The macro- (A) and stereomicroscope analysis (B) of the samples underlined some differences (Figure 1). The flakes 1F were not made of flakes but of fragments with a cylindrical shape and green-bluish color; 2F and 3F had a similar shape, being made up basically of large thin flakes, but showed different color, bluish-green and brilliant green in 2F and 3F, respectively; 4F was much more fragmented, with a bright green color. The stereomicroscope observation showed that air pockets were present in the middle portion of the flake, more or less neatly distributed. The powders showed a high variability among the samples: 1P and 3P were constituted by a heterogeneous fine powder, 2P by an extremely fine powder, and 4P by a coarse powder.

Figure 1

(A) Macroscopic images; (B) images acquired by stereomicroscope; (C) images acquired by optical microscope.

Algae have a great potential as new foods, but improvements need to be in place to enhance growth yields, nutritional quality, and organoleptic traits. A key to social acceptance may lie in the appeal of algae in terms of organoleptic traits, which may be essential to convincing people to consume algae products [37]. As regards olfactory characteristics, 1F has a light and sweet smell; it is similar but sharper in 1P. 2F and 2P have a characteristic algal smell, with a light fecal note. 3F and 3P had an algal smell with a mush note, which is more intense in 3P. 4F and 4P had a medium-intensity odor, lightly pungent and virose, which is more intense in 4P.

A. platensis is recognizable by the arrangement of the multicellular cylindrical trichomes in an open left-hand helix along the entire length. In addition, straight or nearly straight variants were observed. The helical shape allows the trichome a better absorption of nutrients during movement in aquatic environments, whereas the straight structure improves the ability to move, increasing the speed of fluctuation and thus allowing it to migrate to more advantageous conditions if the environment is unfavorable. When, in a culture of a helically coiled strain, a few filaments happen to become straight, they tend to become predominant [38,39]. Environmental factors, mainly temperature, physical and chemical conditions, may affect the trichome geometry, and several studies consider straight trichomes to be a symptomatic feature of crops grown under stressful conditions, which are associated with slowed metabolism [40].

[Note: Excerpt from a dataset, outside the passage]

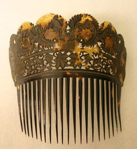 Ornate carved and pierced woman's hair comb. Floral and fern pattern. 21 teeth slightly tapering from center to each side. The fern pattern consists of three pots, one in center and two off set on sides with large training ferns in circular pattern. Center horizontal band of dots with flowers and leaves below.

The analyzed samples differ between them for the trichome morphology (Figure 1C). As mentioned above, spirulina trichomes can have a helical to straight shape. The straight shape was prevalent in most of the samples analyzed. In 1F and 1P samples, the trichomes were only straight and very long; in 3F and 3P, they were mainly straight (90% ca.), and in 3P, they were even quite fragmented, which is most likely due to any damage that has occurred during the powdering process. In 2F and 2P samples, the straight and helical shapes coexisted almost equally (60% and 40%, respectively). Sample 4F showed straight trichomes only, while the corresponding powdered sample, 4P, appeared to be made up of trichomes almost exclusively in the helical shape. This could be due to a different harvest time; in fact, some authors reported that the straight filaments are peculiar in spirulina, which needs to be harvested [30].

2.3. Chemical Analyses

The chemical analyses were focused on those chemicals that, especially in recent years, have been the object of study by the scientific community for their increased interest in food and products with health benefits. The conditions relating to the extraction and analytical processes were chosen on the basis of preliminary experiments and literature data. Acetone extracts were made for carotenoid, chlorophyll and phaeophytin analysis, water extracts were made for phycobiliprotein analysis, and hydromethanol extracts were made for phenolic compound analysis. The total protein content was determined via elemental analysis.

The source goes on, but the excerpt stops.